* _EXCERPTED DATA_

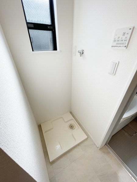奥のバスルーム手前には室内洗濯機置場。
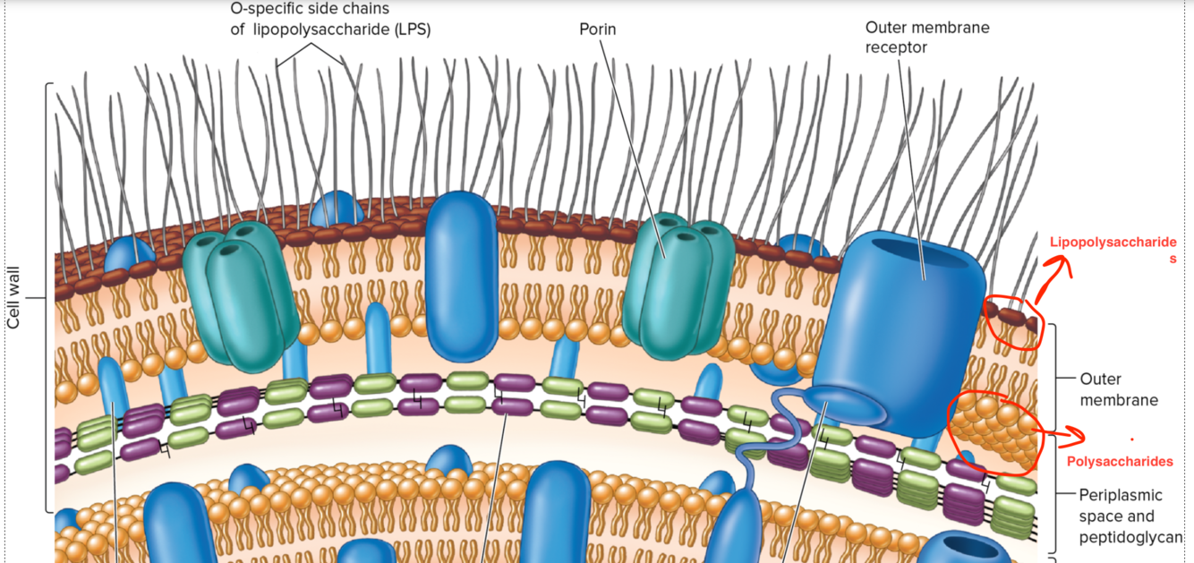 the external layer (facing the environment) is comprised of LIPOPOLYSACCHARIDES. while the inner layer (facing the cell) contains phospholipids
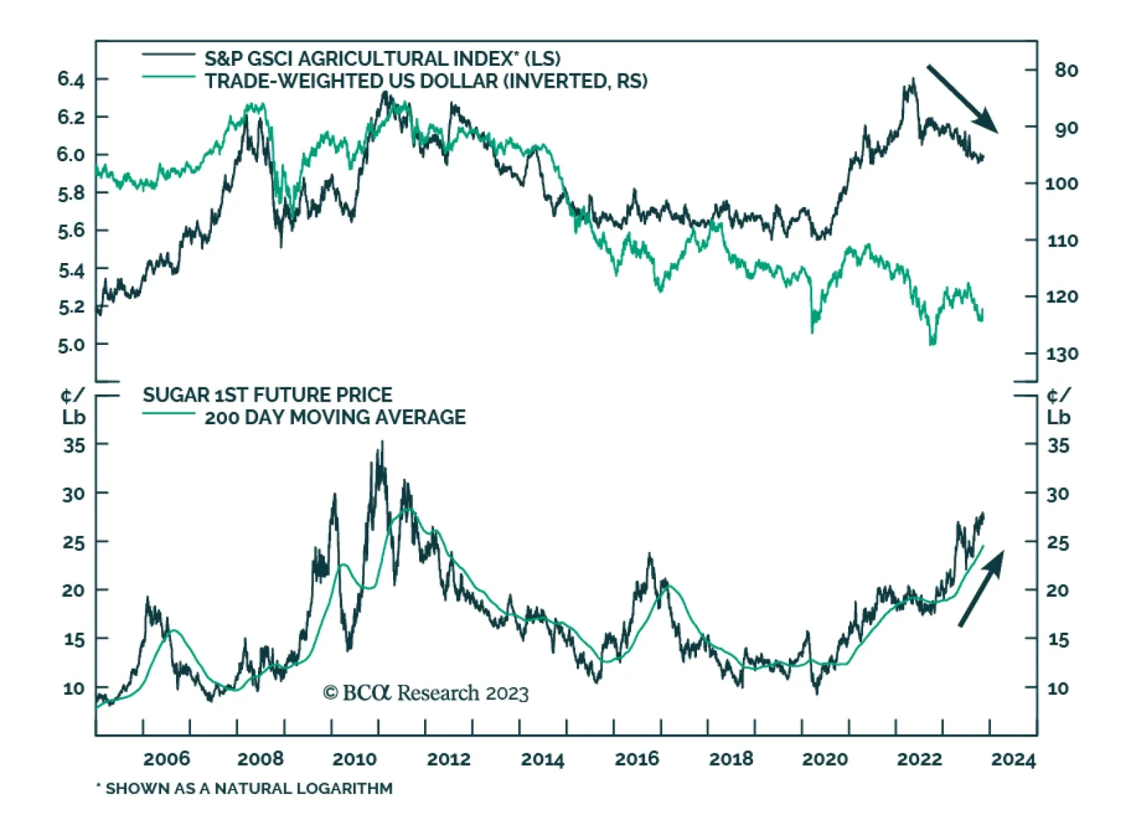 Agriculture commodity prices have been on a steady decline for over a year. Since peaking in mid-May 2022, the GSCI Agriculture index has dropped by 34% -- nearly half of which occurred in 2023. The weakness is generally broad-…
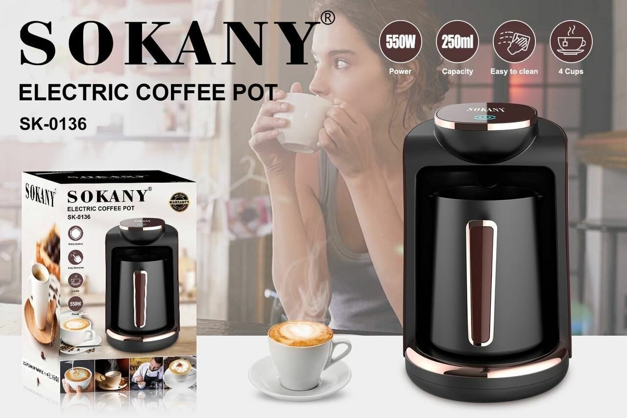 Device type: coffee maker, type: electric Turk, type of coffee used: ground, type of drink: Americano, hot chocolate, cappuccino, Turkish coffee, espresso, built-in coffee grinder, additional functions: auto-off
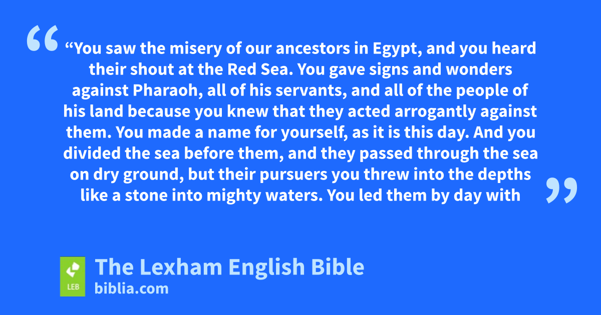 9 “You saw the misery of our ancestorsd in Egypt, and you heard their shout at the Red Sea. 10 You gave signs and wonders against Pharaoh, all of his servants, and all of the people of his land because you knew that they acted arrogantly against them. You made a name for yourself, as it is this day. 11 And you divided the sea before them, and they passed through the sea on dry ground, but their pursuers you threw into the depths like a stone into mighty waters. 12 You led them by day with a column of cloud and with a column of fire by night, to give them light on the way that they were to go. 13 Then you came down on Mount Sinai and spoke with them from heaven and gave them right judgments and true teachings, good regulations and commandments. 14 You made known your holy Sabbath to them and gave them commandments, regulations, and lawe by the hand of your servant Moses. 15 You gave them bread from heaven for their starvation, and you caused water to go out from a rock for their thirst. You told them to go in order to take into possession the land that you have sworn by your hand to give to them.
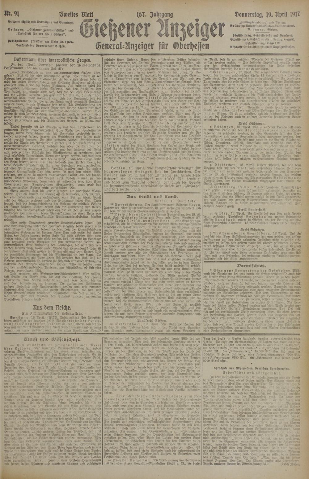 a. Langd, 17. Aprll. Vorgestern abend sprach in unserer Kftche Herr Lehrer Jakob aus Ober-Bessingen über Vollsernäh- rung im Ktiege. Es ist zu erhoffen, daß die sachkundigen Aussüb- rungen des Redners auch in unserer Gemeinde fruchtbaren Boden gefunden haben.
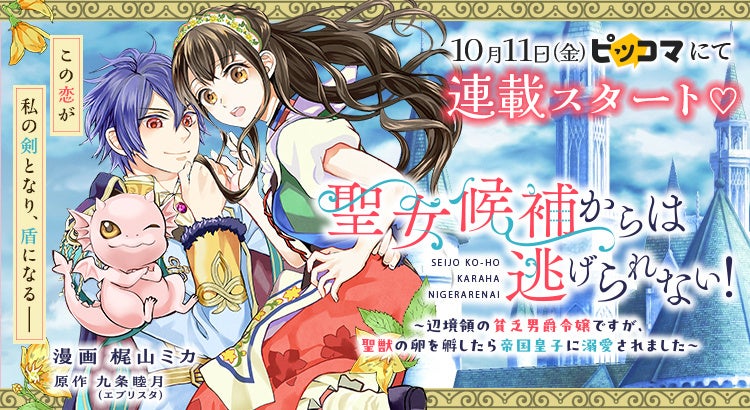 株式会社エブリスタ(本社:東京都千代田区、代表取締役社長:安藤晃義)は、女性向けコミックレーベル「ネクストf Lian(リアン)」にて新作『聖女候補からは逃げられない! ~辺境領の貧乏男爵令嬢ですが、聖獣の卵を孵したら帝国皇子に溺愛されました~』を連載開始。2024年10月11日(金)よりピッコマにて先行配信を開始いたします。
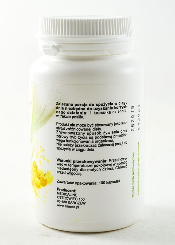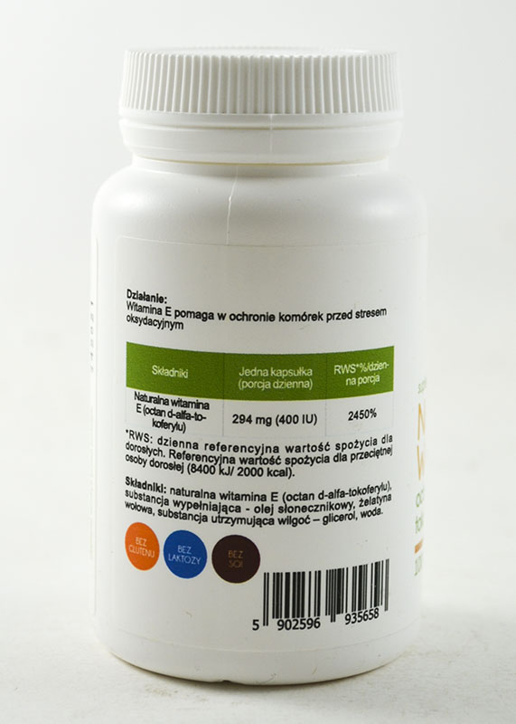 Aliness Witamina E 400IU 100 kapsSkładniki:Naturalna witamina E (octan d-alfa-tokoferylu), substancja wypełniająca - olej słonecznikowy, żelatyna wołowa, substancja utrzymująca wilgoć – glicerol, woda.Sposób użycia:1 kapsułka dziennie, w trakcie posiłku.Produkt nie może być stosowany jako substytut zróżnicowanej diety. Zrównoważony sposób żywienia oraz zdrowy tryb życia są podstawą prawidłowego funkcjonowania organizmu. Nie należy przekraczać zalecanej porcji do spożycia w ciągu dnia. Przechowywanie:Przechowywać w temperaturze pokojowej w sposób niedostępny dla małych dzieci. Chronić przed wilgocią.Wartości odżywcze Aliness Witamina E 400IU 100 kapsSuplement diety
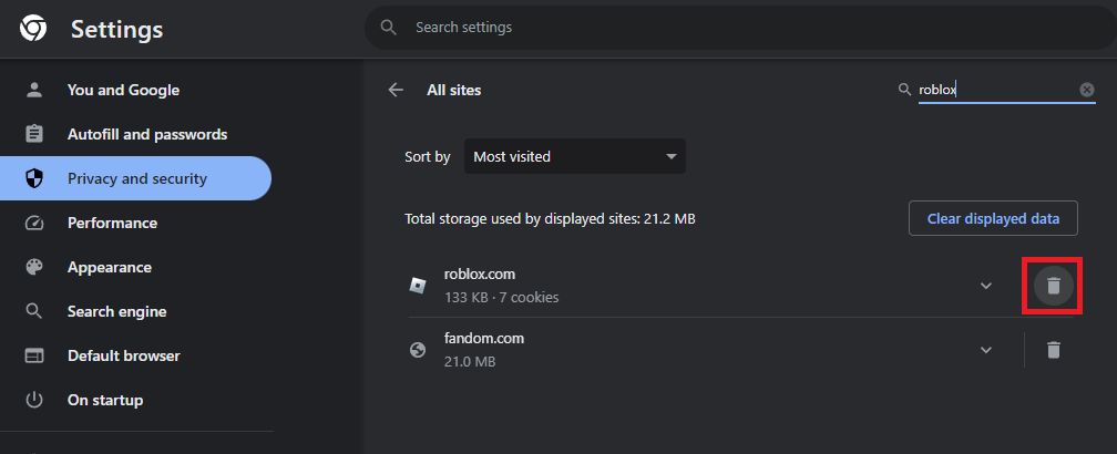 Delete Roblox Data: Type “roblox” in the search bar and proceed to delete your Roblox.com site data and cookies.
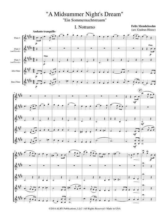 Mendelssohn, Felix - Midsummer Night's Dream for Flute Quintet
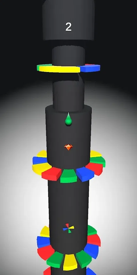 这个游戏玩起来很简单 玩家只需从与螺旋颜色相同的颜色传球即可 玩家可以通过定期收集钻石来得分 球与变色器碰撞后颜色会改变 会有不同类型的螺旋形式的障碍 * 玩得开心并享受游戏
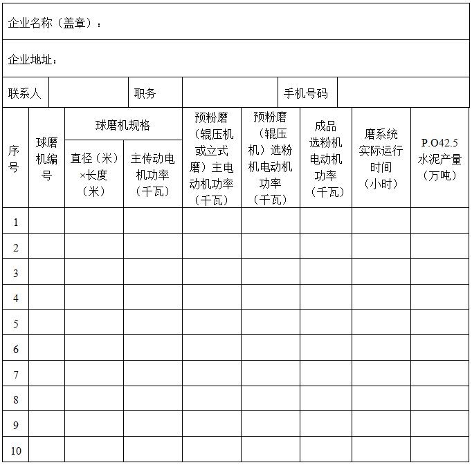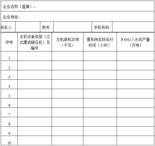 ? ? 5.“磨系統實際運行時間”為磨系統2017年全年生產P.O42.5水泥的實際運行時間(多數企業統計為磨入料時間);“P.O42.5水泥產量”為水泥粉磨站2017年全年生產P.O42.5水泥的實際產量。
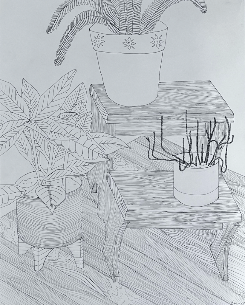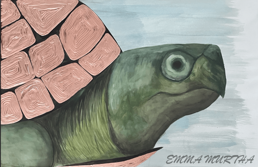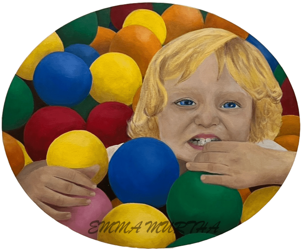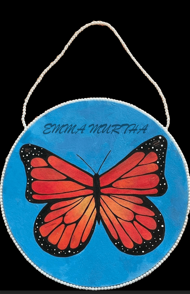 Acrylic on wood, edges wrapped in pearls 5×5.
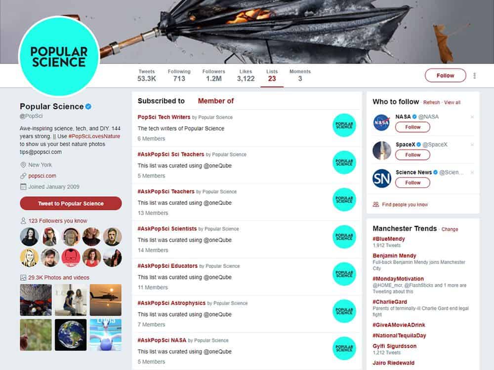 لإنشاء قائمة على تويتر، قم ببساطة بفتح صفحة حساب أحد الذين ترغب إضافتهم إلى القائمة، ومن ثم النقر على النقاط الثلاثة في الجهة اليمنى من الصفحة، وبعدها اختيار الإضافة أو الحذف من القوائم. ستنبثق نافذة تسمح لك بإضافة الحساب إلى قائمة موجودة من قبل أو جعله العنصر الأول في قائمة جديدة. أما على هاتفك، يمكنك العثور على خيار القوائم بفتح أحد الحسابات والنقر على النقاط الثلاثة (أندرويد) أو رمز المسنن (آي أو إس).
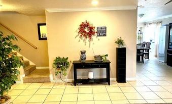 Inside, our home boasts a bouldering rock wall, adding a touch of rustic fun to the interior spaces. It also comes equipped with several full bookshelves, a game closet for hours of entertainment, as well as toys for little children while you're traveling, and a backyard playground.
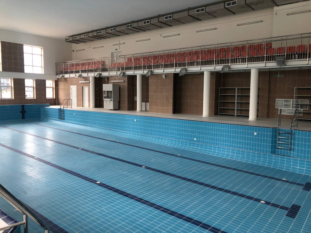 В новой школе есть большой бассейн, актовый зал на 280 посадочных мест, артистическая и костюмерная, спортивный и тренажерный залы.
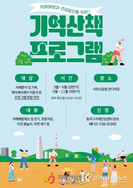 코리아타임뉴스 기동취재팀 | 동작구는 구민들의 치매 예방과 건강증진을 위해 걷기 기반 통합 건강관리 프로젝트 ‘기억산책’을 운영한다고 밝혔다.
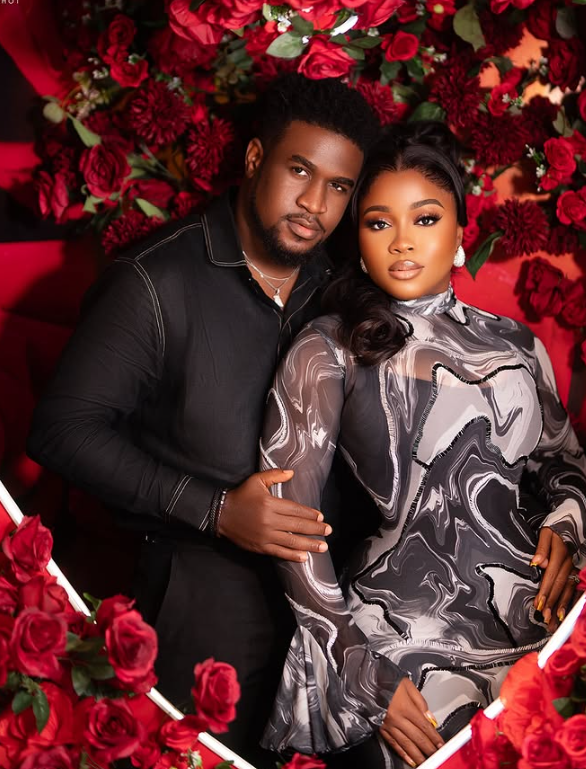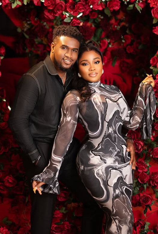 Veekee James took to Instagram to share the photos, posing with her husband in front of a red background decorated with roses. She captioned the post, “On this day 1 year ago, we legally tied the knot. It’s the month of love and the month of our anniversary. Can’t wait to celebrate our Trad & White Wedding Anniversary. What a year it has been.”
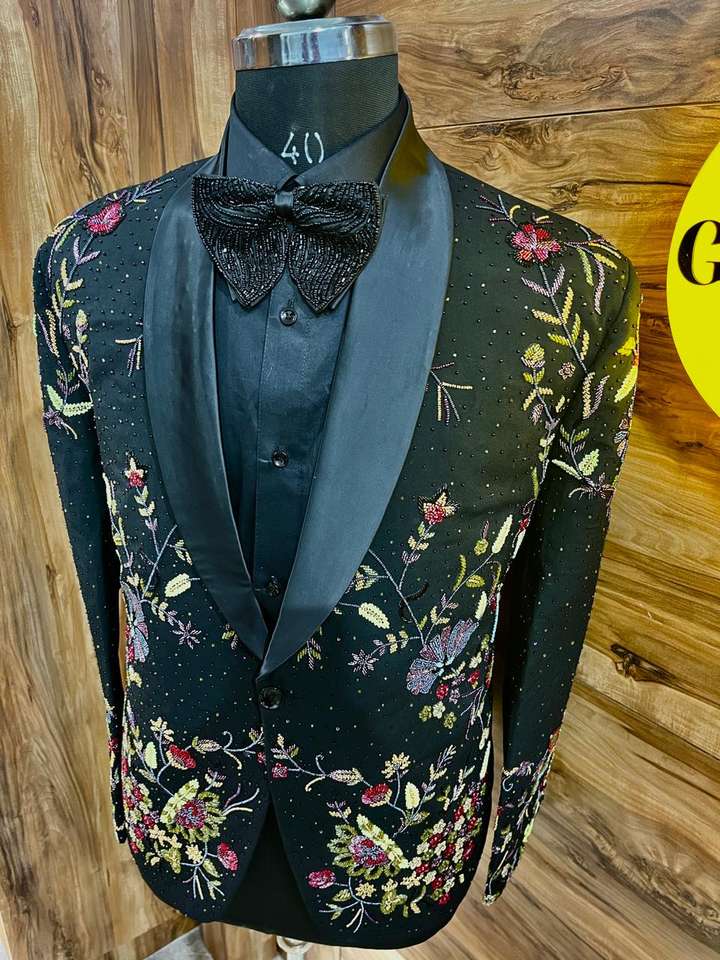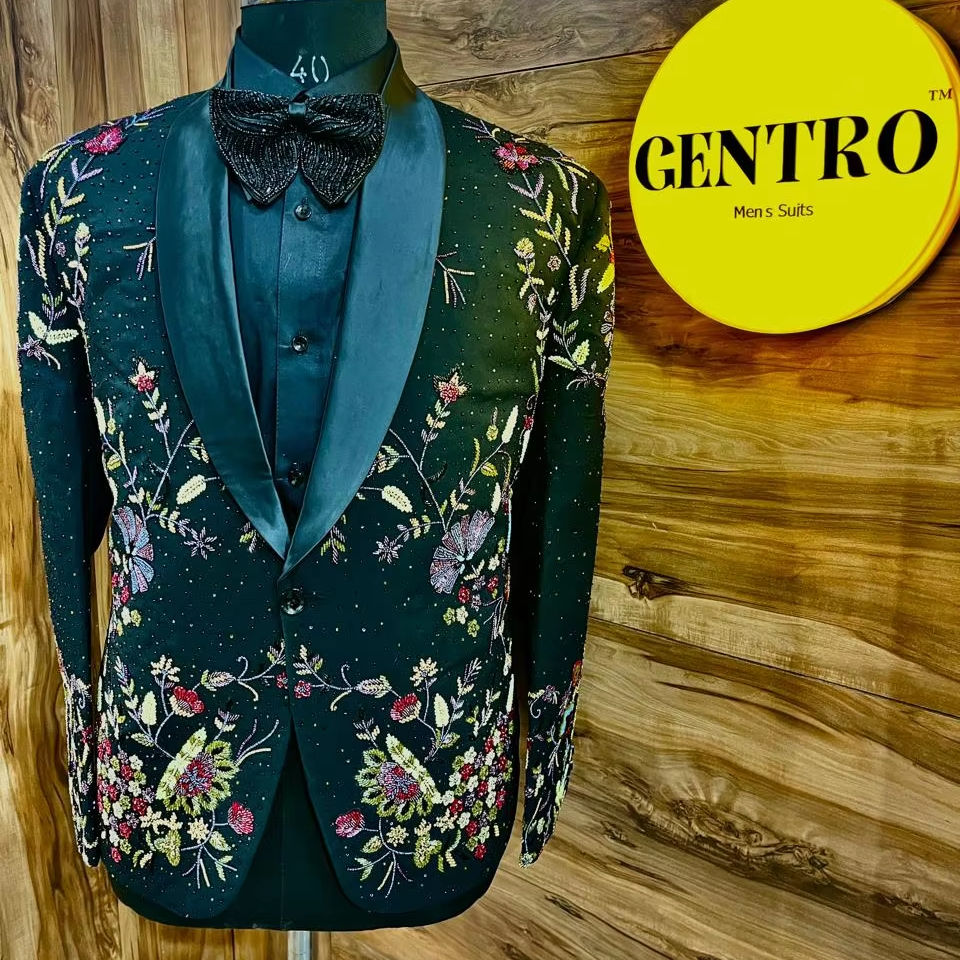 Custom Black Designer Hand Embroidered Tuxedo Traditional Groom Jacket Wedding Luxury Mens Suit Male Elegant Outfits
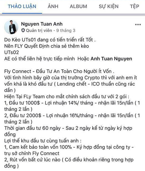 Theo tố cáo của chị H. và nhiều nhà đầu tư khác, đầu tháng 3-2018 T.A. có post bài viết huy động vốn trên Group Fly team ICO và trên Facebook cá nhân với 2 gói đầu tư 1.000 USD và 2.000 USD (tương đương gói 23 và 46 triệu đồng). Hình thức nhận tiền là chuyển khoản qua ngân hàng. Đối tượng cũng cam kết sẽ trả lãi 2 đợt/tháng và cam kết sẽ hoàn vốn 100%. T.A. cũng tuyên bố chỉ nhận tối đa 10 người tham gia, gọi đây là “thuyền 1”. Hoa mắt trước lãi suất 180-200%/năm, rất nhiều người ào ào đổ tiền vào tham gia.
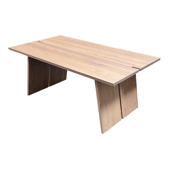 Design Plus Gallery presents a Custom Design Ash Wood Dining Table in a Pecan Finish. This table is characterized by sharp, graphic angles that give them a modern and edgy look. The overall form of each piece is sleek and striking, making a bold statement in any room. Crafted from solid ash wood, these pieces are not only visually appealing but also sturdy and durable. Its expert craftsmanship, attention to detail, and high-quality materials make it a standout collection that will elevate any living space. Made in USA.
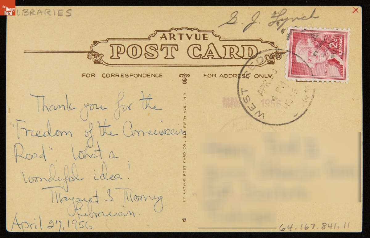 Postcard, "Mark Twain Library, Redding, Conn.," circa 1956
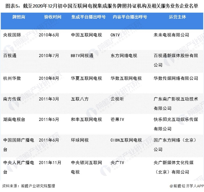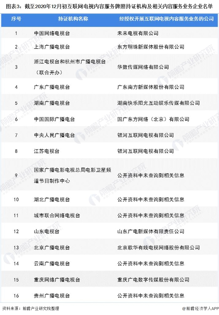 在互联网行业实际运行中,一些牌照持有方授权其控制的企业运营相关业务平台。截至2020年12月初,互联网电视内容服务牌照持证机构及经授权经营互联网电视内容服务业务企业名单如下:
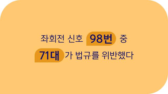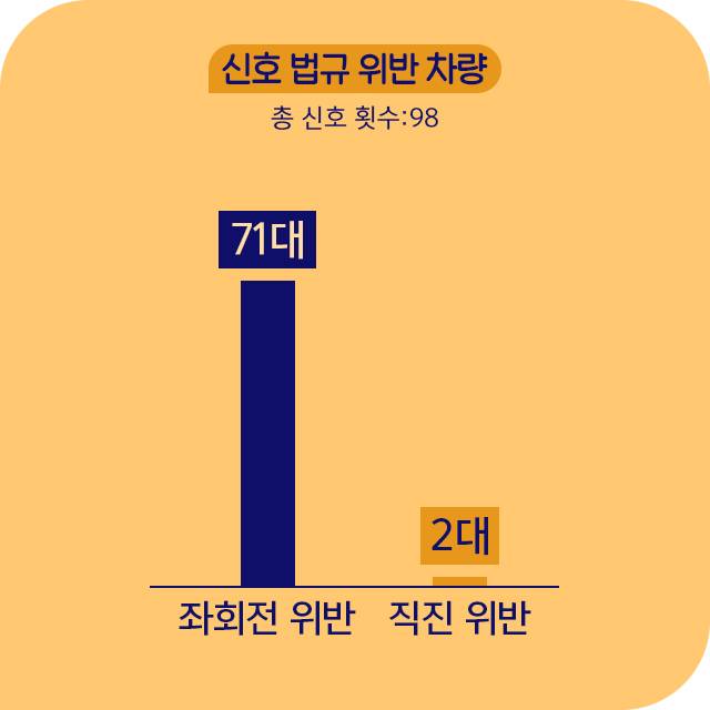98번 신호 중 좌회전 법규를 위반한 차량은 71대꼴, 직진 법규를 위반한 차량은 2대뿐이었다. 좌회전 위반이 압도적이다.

* _TASK ITEM_
Each line from the first line of the data above through the one containing "the external layer" must be set down exactly; the pictures must not be.

* _WRITTEN SOLUTION_
奥のバスルーム手前には室内洗濯機置場。
 the external layer (facing the environment) is comprised of LIPOPOLYSACCHARIDES. while the inner layer (facing the cell) contains phospholipids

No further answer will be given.